В Гурзуфе я очень много мог бы сделать за жизнь. А вне его я, вероятно, буду собираться да собираться, пока не придет пора собираться в другие миры…

Роскошь появления Ялты ни с чем не сравнить. Вот она - живая мозаика в долинах. Похожа на полуоткрытую книгу, поставленную торчком.

И солнце выглянуло, словно спохватилось. И весело стало. И усмешливо-задорно промелькнуло в мозгу: “Я люблю тебя, жизнь!..”

 

Солнце может быть хмельным, оно может звучать, - и кто хочет подкараулить симфонии солнца, пусть приезжает в Ялту в конце зимы. Минута жизни - минута радости. Иного счета нет. Небо свободно-необъятное и необъятно-свободное. Не засыпающая природа глядит с веселым прищуром. Кипарисы восхищенно жмурятся. Силы земли, солнца и моря переполняют всех сущих.

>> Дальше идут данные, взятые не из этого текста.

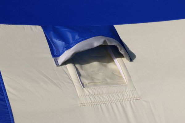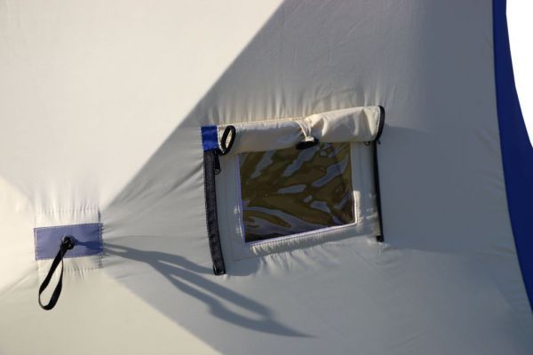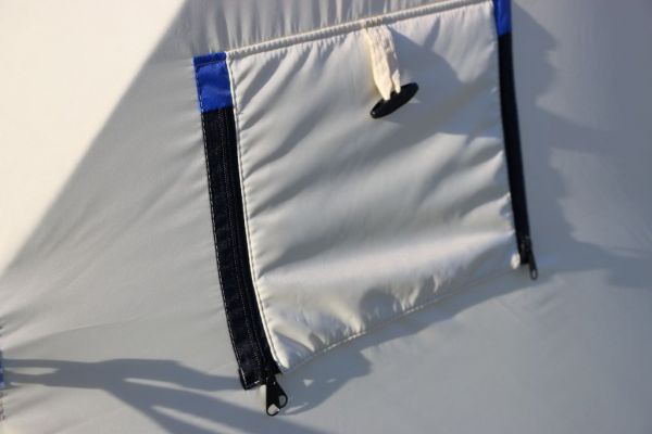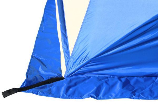 Также палатка оснащена двумя внутренними юбками с системой крепления пола, которая полностью исключает проникновение холодного воздуха внутрь палатки, что очень важно для рыбалки при сильном ветре и низкой температуре.
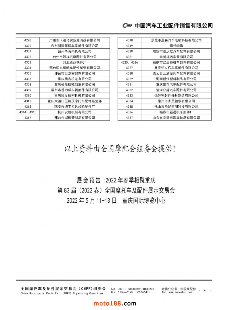 内71 第82届(2021秋)全国摩托车及配件展示交易会-广州站参展单位名录

Ялта - большой муравейник. С какой радостью превращаешься в сопричастного его движению муравья!

Шагаю, бормоча стихи. Нашел кафе на открытом воздухе и с наслаждением позавтракал.

Меня ведет к морю маленькая говорливая речушка. Приглядываюсь, что идет в кинотеатрах, что пишут в газетах. Город как-то сразу стал своим. Надеюсь, и он не чувствует во мне чужого.

Набережная. Пальмы и маленькие магазинчики. Летом наверняка много тентов. Так и только так и можно себе представить типичную южную набережную.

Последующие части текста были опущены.